Most mass data processing applications nowadays often need long, continuous, and uninterrupted data access. Parallel/distributed file systems often use multiple metadata servers to manage the global namespace and provide a reliability guarantee.
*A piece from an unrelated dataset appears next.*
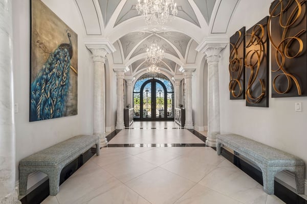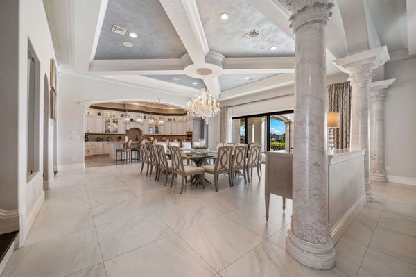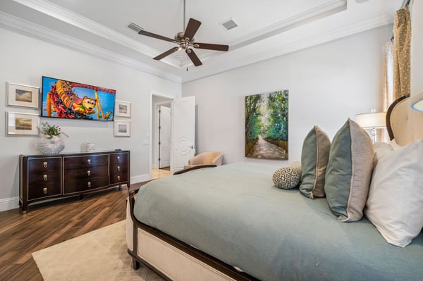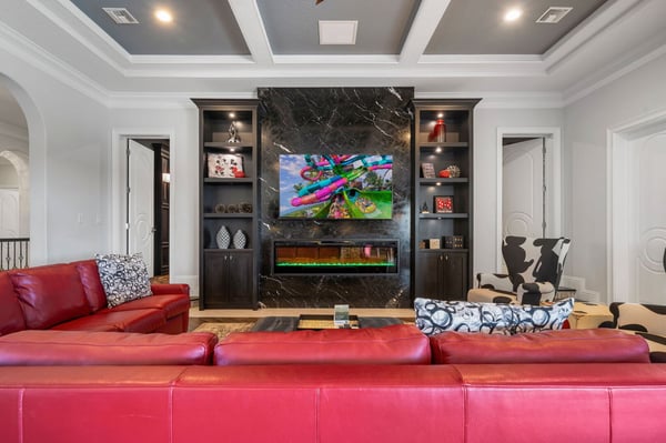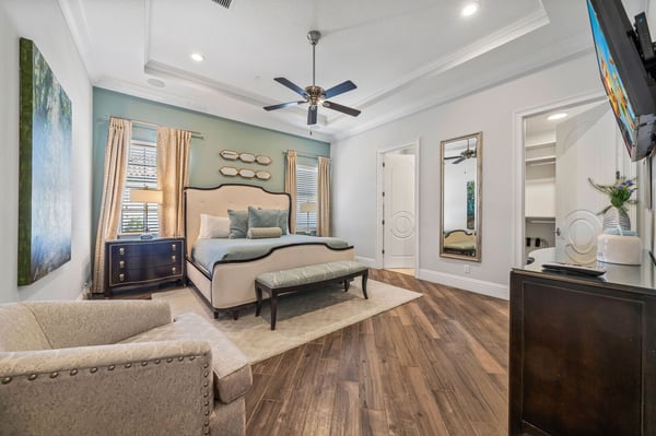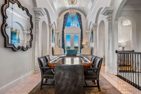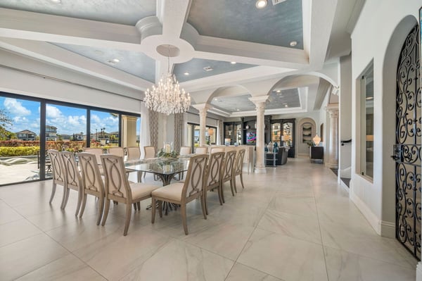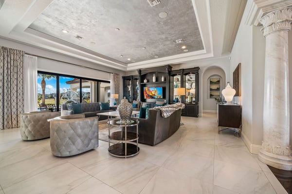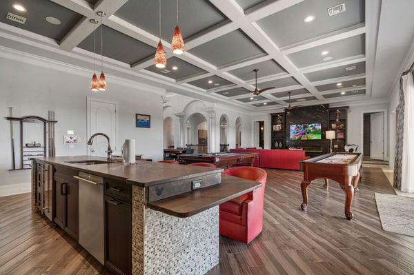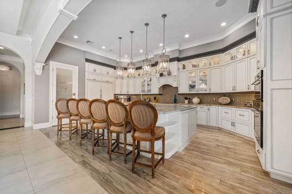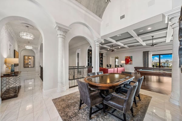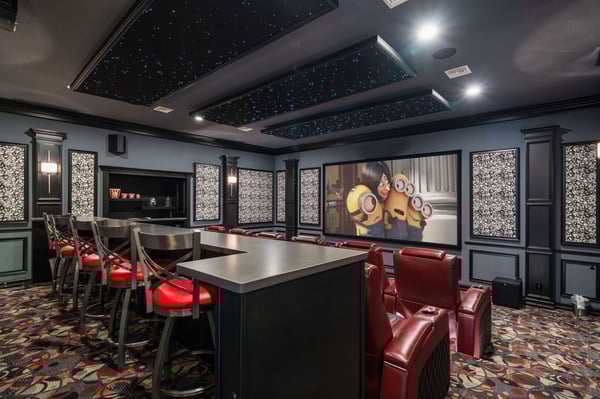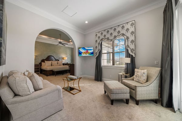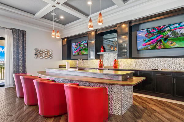 Welcome to Horizon Bay, an extraordinary 11,448 sq. ft. estate that embodies timeless elegance and modern luxury. This stunning 10-bedroom, 10-bathroom retreat sleeps up to 26 guests, making it an ideal destination for large family gatherings, group vacations, or special celebrations. From its striking Spanish tile roofing to its grand interiors featuring upscale traditional furnishings, Palacio del Sol is a masterpiece of design and comfort. Step inside to discover spacious rooms adorned with intricate trim and molding, creating a refined ambiance reminiscent of a regal castle. The expansive living areas are thoughtfully designed to balance elegance with functionality, providing the perfect spaces to relax, entertain, and connect with loved ones. The large master bedroom is a private sanctuary, boasting luxurious furnishings, ample space, and an en-suite bathroom designed for indulgence, complete with high-end finishes and spa-like features. Entertainment takes center stage at Horizon Bay. The home’s game loft is a vibrant space where guests of all ages can gather for friendly competition and fun. The dedicated movie theater offers a cinematic experience, complete with plush seating and state-of-the-art audiovisual equipment, perfect for movie nights or binge-watching your favorite shows. These entertainment options ensure that every moment at Horizon Bay is filled with enjoyment and relaxation. Step outside to the estate’s breathtaking outdoor area, a true oasis designed to celebrate Florida’s beautiful weather. The luxurious back patio features a fully equipped summer kitchen, ideal for al fresco dining or poolside barbecues. The sprawling pool invites you to take a refreshing dip, while the hot tub offers a soothing retreat after a day of adventure. Younger guests will delight in the splash pad, while the lazy river provides a tranquil experience for guests of all ages to unwind and float their cares away. The attention to detail extends to every corner of Horizon Bay, from the thoughtfully designed bedrooms to the inviting common spaces. Each bedroom is uniquely decorated with upscale traditional furniture, offering a serene retreat for rest and rejuvenation. High-quality linens, ample storage, and tasteful decor enhance the comfort of every guest, ensuring a restful stay. Located in the prestigious Eagle Estates community, Horizon Bay offers easy access to nearby attractions and exclusive resort-style amenities. Whether you’re lounging by the pool, enjoying a movie in the theater, or sharing meals prepared in the gourmet kitchen, this home is a destination in itself, designed to create unforgettable memories. Horizon Bay is more than just a vacation rental—it’s a statement of elegance, luxury, and timeless charm. Book your stay today and experience the ultimate in comfort, style, and relaxation at this one-of-a-kind estate.

With the rapid increase of data amount and system scale, the probability of hardware or software failures keeps increasing, which easily leads to multiple points of failures. Metadata service reliability has become a crucial issue as it affects file and directory operations in the event of failures. Existing reliable metadata management mechanisms can provide fault tolerance but have disadvantages in system availability, state consistence, and performance overhead. This paper introduces a new highly reliable policy called MAMS (multiple actives multiple standbys) to ensure multiple metadata service reliability in file systems. Different from traditional strategies, the MAMS divides metadata servers into different replica groups and maintains more than one standby node for failover in each group. Combining the global view with distributed protocols, the MAMS achieves an automatic state transition and service takeover. We have implemented the MAMS policy in a prototyping file system and conducted extensive tests to validate and evaluate it. The experimental results confirm that the MAMS policy can achieve a faster transparent fault tolerance in different error scenarios with less influence on metadata operations. Compared with typical designs in Hadoop Avatar, Hadoop HA, and Boom-FS file systems, the mean time to recovery (MTTR) with the MAMS was reduced by 80.23%, 65.46% and 28.13%, respectively.

查看原文本刊更多论文

MAMS:元数据服务的高可靠策略

如今，大多数大规模数据处理应用程序通常需要长时间、连续和不间断的数据访问。并行/分布式文件系统通常使用多个元数据服务器来管理全局命名空间，并提供可靠性保证。随着数据量和系统规模的快速增长，硬件或软件故障的概率不断增加，容易导致多点故障。元数据服务的可靠性已经成为一个关键问题，因为它会影响到文件和目录的操作。现有可靠的元数据管理机制可以提供容错，但在系统可用性、状态一致性和性能开销方面存在缺点。为了保证文件系统中多元数据服务的可靠性，本文引入了一种新的高可靠性策略MAMS (multiple active multiple standby)。与传统策略不同，MAMS将元数据服务器划分为不同的副本组，并在每个组中维护多个备用节点用于故障转移。MAMS将全局视图与分布式协议相结合，实现了自动状态转换和服务接管。我们已经在原型文件系统中实现了MAMS策略，并进行了广泛的测试来验证和评估它。实验结果表明，MAMS策略可以在不同的错误场景下实现更快的透明容错，对元数据操作的影响较小。与Hadoop Avatar、Hadoop HA和Boom-FS文件系统的典型设计相比，MAMS的平均恢复时间(MTTR)分别降低了80.23%、65.46%和28.13%。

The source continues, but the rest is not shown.